**Exercise goal:** Copy exactly the lines of the material below that run from the one containing "Fossil Silver Tone" through the one containing "Le cadre est". Copy no other lines.

**Dataset entries:**
-=-=-

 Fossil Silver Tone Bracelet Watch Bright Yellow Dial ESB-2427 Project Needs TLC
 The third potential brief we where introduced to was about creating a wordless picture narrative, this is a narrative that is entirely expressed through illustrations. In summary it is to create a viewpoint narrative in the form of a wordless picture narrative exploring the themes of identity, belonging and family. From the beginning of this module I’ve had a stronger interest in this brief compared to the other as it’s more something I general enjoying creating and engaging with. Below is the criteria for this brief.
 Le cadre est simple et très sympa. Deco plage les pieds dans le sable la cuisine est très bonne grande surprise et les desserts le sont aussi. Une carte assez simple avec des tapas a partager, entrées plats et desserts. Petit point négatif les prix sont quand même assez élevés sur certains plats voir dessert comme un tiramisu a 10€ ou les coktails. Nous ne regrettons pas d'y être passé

-=-=-

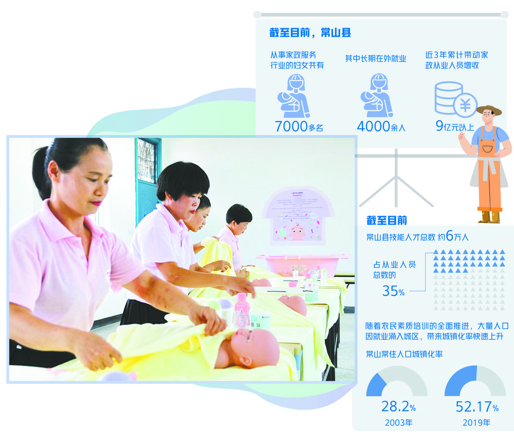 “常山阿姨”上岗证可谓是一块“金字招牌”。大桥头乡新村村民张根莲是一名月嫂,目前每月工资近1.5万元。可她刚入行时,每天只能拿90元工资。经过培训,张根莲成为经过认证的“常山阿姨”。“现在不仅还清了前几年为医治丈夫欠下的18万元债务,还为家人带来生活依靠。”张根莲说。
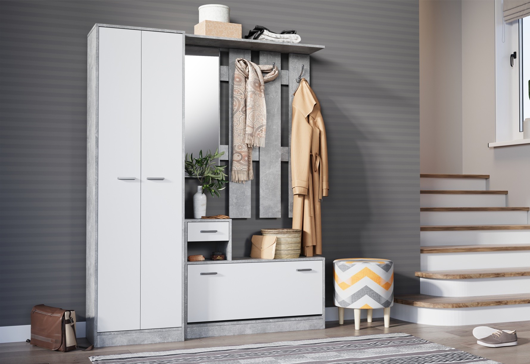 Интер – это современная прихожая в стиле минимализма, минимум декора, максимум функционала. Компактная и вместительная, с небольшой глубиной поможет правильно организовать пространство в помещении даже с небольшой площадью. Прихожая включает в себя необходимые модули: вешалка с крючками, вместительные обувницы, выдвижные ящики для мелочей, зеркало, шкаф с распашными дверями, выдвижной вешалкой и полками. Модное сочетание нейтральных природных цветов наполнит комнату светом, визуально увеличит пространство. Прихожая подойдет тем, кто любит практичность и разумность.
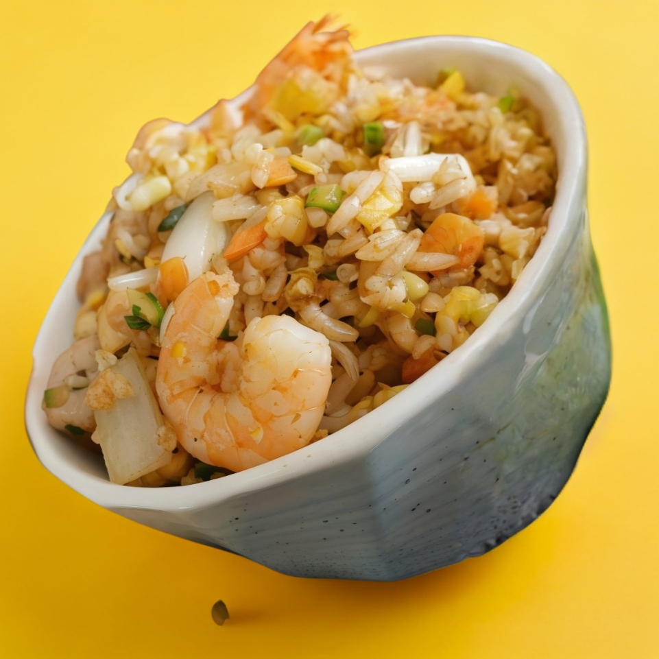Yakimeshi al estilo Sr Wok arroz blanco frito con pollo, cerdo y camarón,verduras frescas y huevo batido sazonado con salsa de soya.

-=-=-

**Reply to the exercise:**
 Fossil Silver Tone Bracelet Watch Bright Yellow Dial ESB-2427 Project Needs TLC
 The third potential brief we where introduced to was about creating a wordless picture narrative, this is a narrative that is entirely expressed through illustrations. In summary it is to create a viewpoint narrative in the form of a wordless picture narrative exploring the themes of identity, belonging and family. From the beginning of this module I’ve had a stronger interest in this brief compared to the other as it’s more something I general enjoying creating and engaging with. Below is the criteria for this brief.
 Le cadre est simple et très sympa. Deco plage les pieds dans le sable la cuisine est très bonne grande surprise et les desserts le sont aussi. Une carte assez simple avec des tapas a partager, entrées plats et desserts. Petit point négatif les prix sont quand même assez élevés sur certains plats voir dessert comme un tiramisu a 10€ ou les coktails. Nous ne regrettons pas d'y être passé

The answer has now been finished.